Three months after it was released in theaters, it's fair to say the ending of Rogue One is no longer a spoiler: Everyone in the Rogue One team dies in the process of getting the Death Star plans. 

But that wasn't always the case. In the original treatment and first script, fearing that Disney wouldn't like that dark ending, Rogue One's first writers had two of the crew making a daring escape.

SEE ALSO: Original 'Rogue One' ending did not include Darth Vader kicking ass

Those two were Jyn Erso — who at this point was a regular rebel soldier — and the character who would later be named Captain Cassian Andor. (They're played by Felicity Jones and Diego Luna in the film.)

"There were a lot of casualties on both sides, in both versions of the scripts," writer Gary Whitta told Entertainment Weekly Monday. "We were constantly trying to make all the pieces fit together. We tried every single idea."

The original idea was that Jyn and her comrade would be lifted off the Imperial planet, which director Gareth Edwards would later name Scarif based on his first name being hilariously misheard by a Starbucks barista.

The transfer of the Death Star plans would take place on that ship, which was pursued and destroyed by Darth Vader. The two rebels would jettison in an escape pod — just like C-3PO and R2-D2 in the original Star Wars.

Speaking of droids, K-2SO still died on the planet in this version. The other members of the crew were different characters in embryo; Donnie Yen's character Chirrut Imwe, and his fellow Force-friendly monk Baze Malbus, did not exist in the original script.
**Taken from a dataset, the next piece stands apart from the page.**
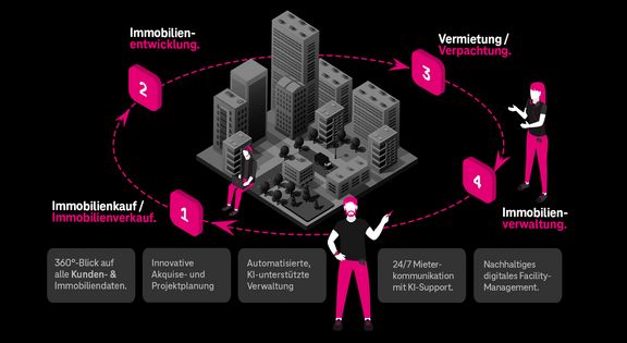 Virtuell besichtigen, planen und vermarkten: mit innovativen VR & XR-Lösungen können Interessenten virtuelle Immobilien besichtigen und ihre Wunscheinrichtung bereits vorab visualisieren. Zudem ist es über XR-Optionen möglich, zusätzliche Informationen zum Objekt zu erhalten. Dieses immersive und mobile Erleben von Mietobjekten revolutioniert die Immobilienvermarktung. Durch individuell angepasste, digitale Erlebnisse werden Interessenten begeistert und die Abschlussquote kann dadurch gesteigert werden. Zudem können VR-Lösungen den Akquise-Prozess effizienter gestalten: der Makler kann virtuell hinzugezogen werden, ein KI-Concierge kann erste Beratungsgespräche ergänzen, Vor-Ort-Termine lassen sich reduzieren.

If you think the last-minute escape pod business is derivative and lacks the movie's strong sense of sacrifice, you're not alone. Both Whitta and his successor as writer on the project, Chris Weitz, felt the team needed to die — and that the "writing gods" were making it difficult for them to survive.

Luckily Lucasfilm president Kathleen Kennedy agreed, and Disney did not interfere with what became the darkest ending to any Star Wars movie, Empire Strikes Back included.